▶ **YOUR INSTRUCTIONS**
From the line that has "ESPAÑA. SERIE COMPLETA." down to the last line of the data below, set down every line exactly, but none of the pictures.

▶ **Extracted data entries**

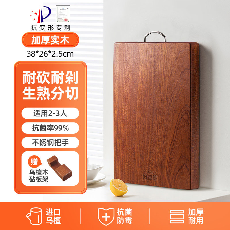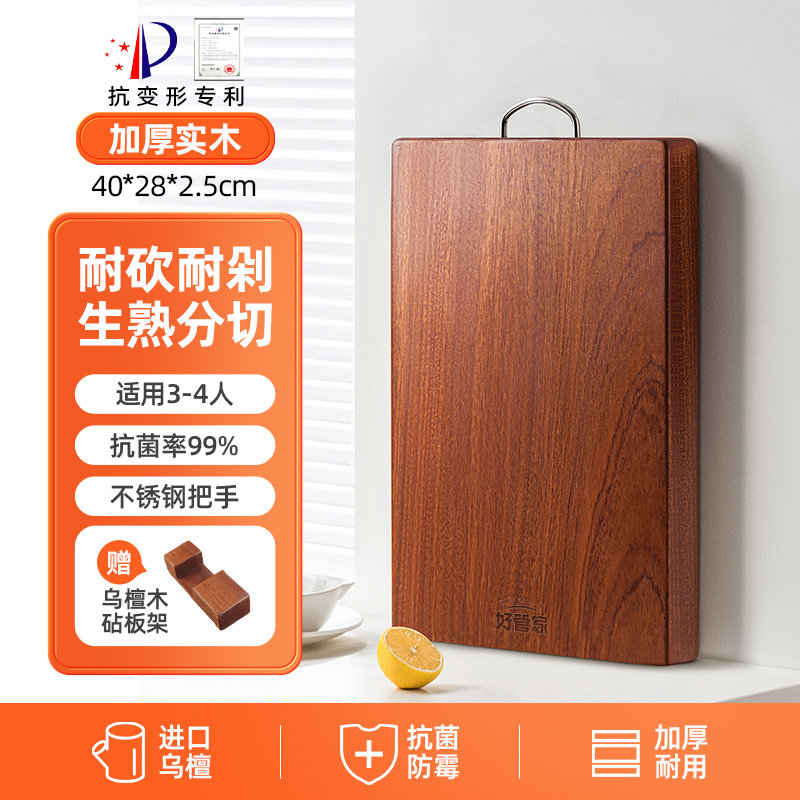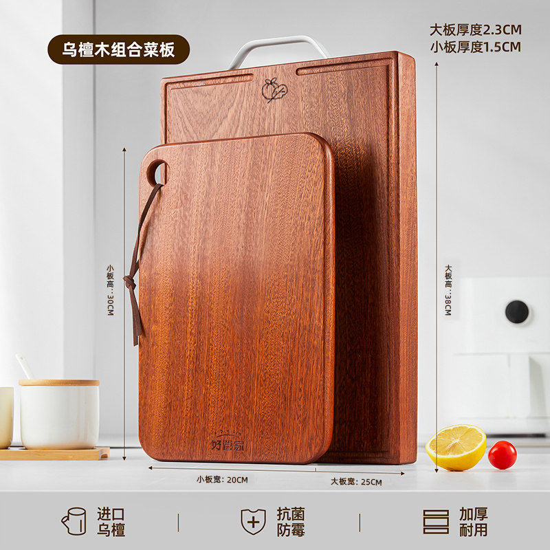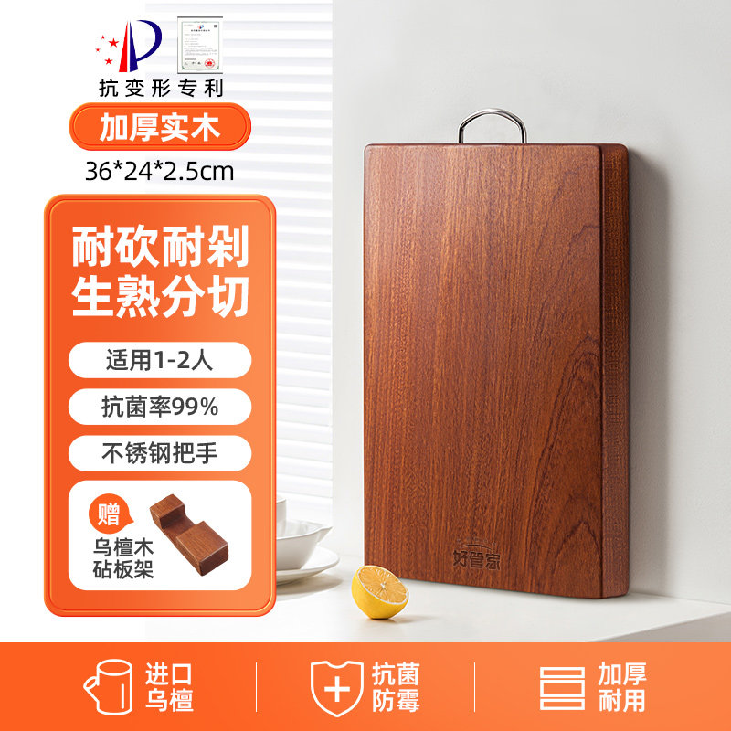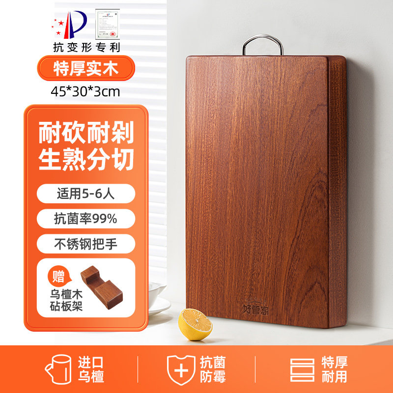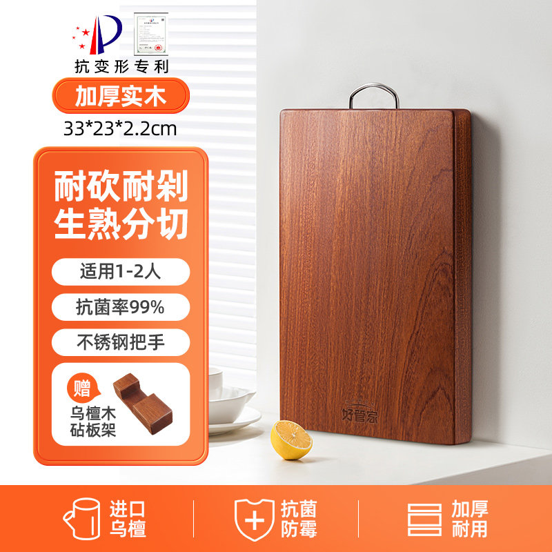 好管家乌檀木菜板实木抗菌防霉家用砧板木质案板擀面板占粘切菜板
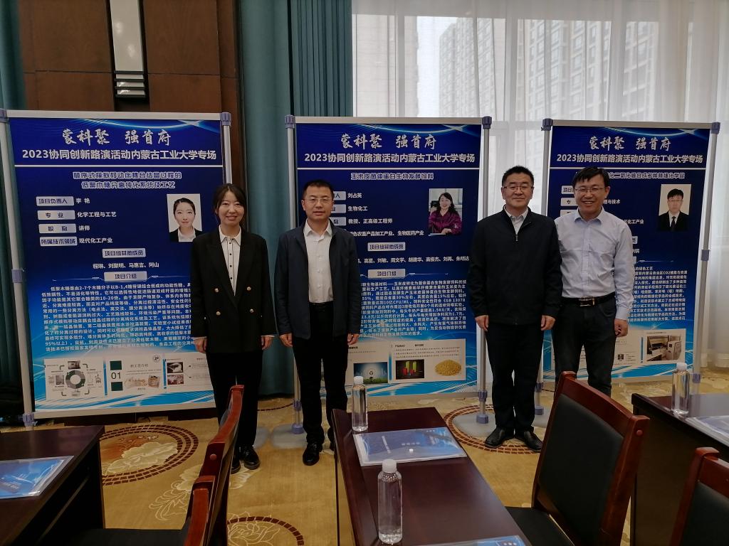 化工学院副院长冀国俊等代表内蒙古工业大学与内蒙古久泰新材料有限公司等四家企业合作签约。化工学院刘占英、竺宁、滕英跃、李艳四位老师的成果:“玉米皮菌体蛋白生物发酵饲料”、“无机硫催化转化二氧化碳合成多种精细化学品”、“煤液化残渣与退役风电叶片共热解(制气)联产线性纳米碳化硅一体化合成技术”、“顺序式模拟移动床耦合结晶过程的低聚木糖分离纯化系统及工艺”依次进行了项目路演展示,现场专家给予了高度评价。最后,各位老师与现场的意向企业及技术转移服务机构进行了深入交流。
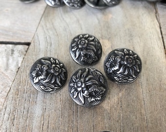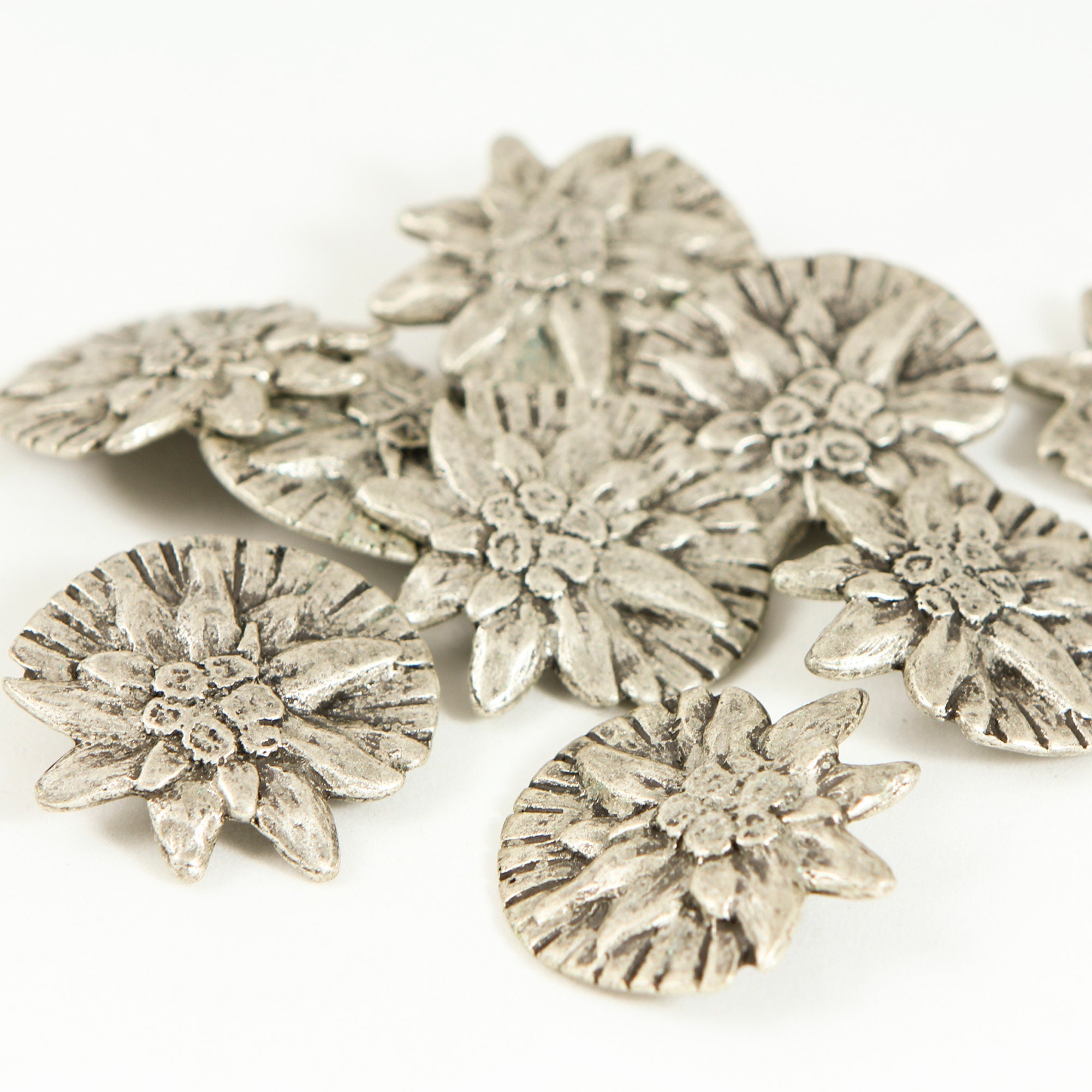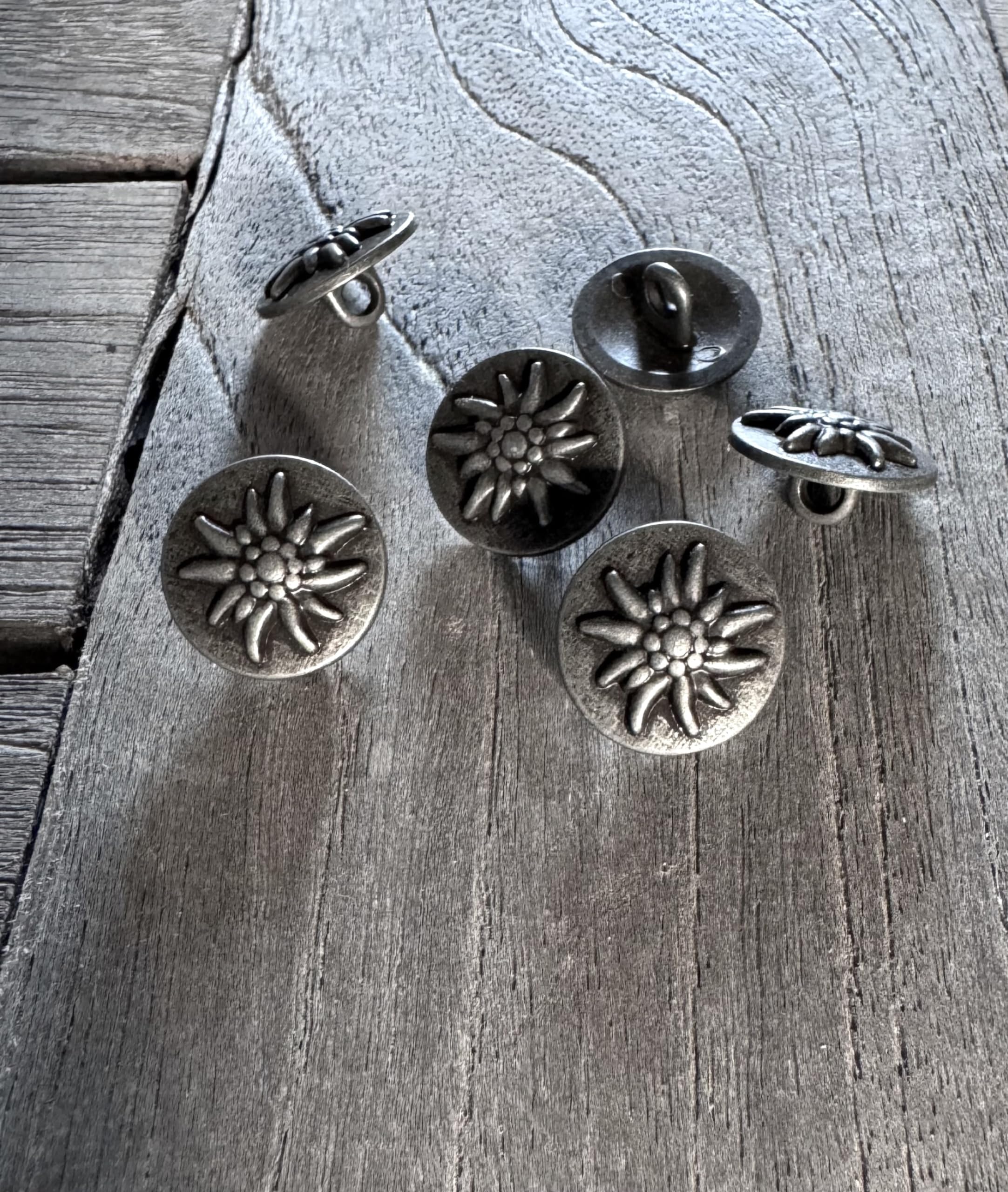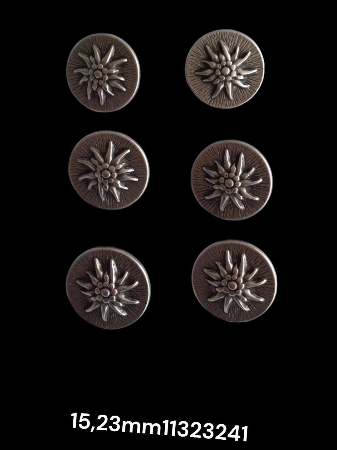 Boutons de qualité supérieure, entièrement en métal, couleur métal foncé, gris , Dimensions : environ 15 mm Toute l'inspiration mode et les dernières tendances sont en ligne sur SHEIN. Lot de 6 boutons métal fleur argent Superbe bouton à œillet en métal Edelweiss avec une couleur particulière Ce bouton est en métal argenté patiné de noir pour mettre en valeur les pétales de cette magnifique fleurs d'édeweiss. Un bouton unique qui viendra embellir... BOUTON DE MANCHETTE,16--Boutons Métalliques En Diamant De 16 MM, 10 Pièces-lot, Poignée De Boutons tendance de qualité supérieure avec motif edelweiss. Superbe coloris : gris/noir (plutôt mat) - Taille : 15 mm (cet article est également disponible en taille 22 mm)
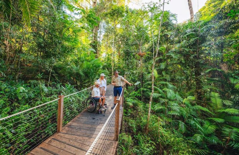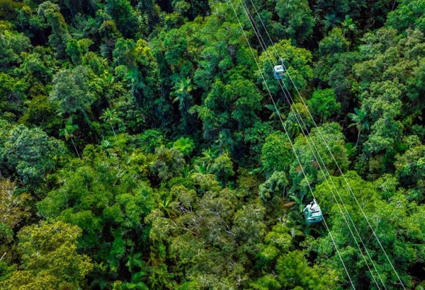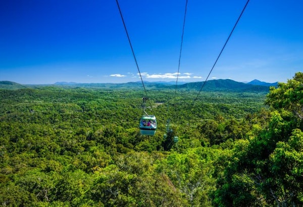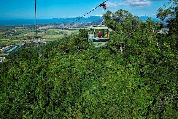 Concludete la giornata con un giro sulla Skyrail Rainforest Cableway o sulla Kuranda Scenic Railway (a seconda della scelta).
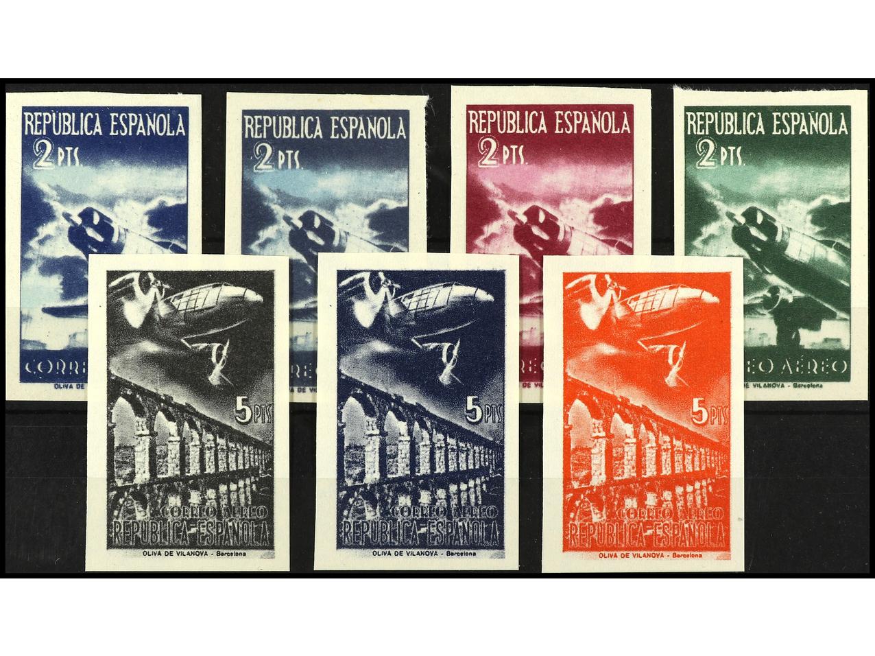 ESPAÑA. SERIE COMPLETA. 7 valores NO EXPENDIDOS. Segunda tirada en offset. Firmados F. del TARRÉ. Ed.NE 39/45s. (Image1) (Image2)
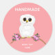 Cute White Owl on Light Pink Handmade Classic Round Sticker
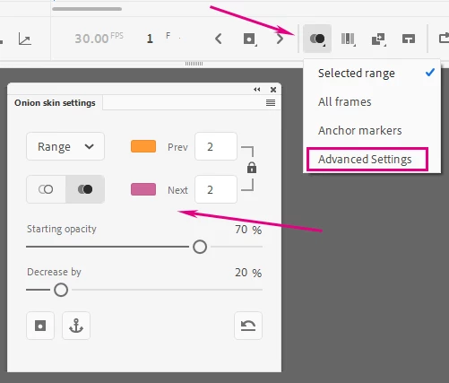 Onion Skin Colour Settings

▶ **TASK ANSWER**
 ESPAÑA. SERIE COMPLETA. 7 valores NO EXPENDIDOS. Segunda tirada en offset. Firmados F. del TARRÉ. Ed.NE 39/45s. (Image1) (Image2)
 Cute White Owl on Light Pink Handmade Classic Round Sticker
 Onion Skin Colour Settings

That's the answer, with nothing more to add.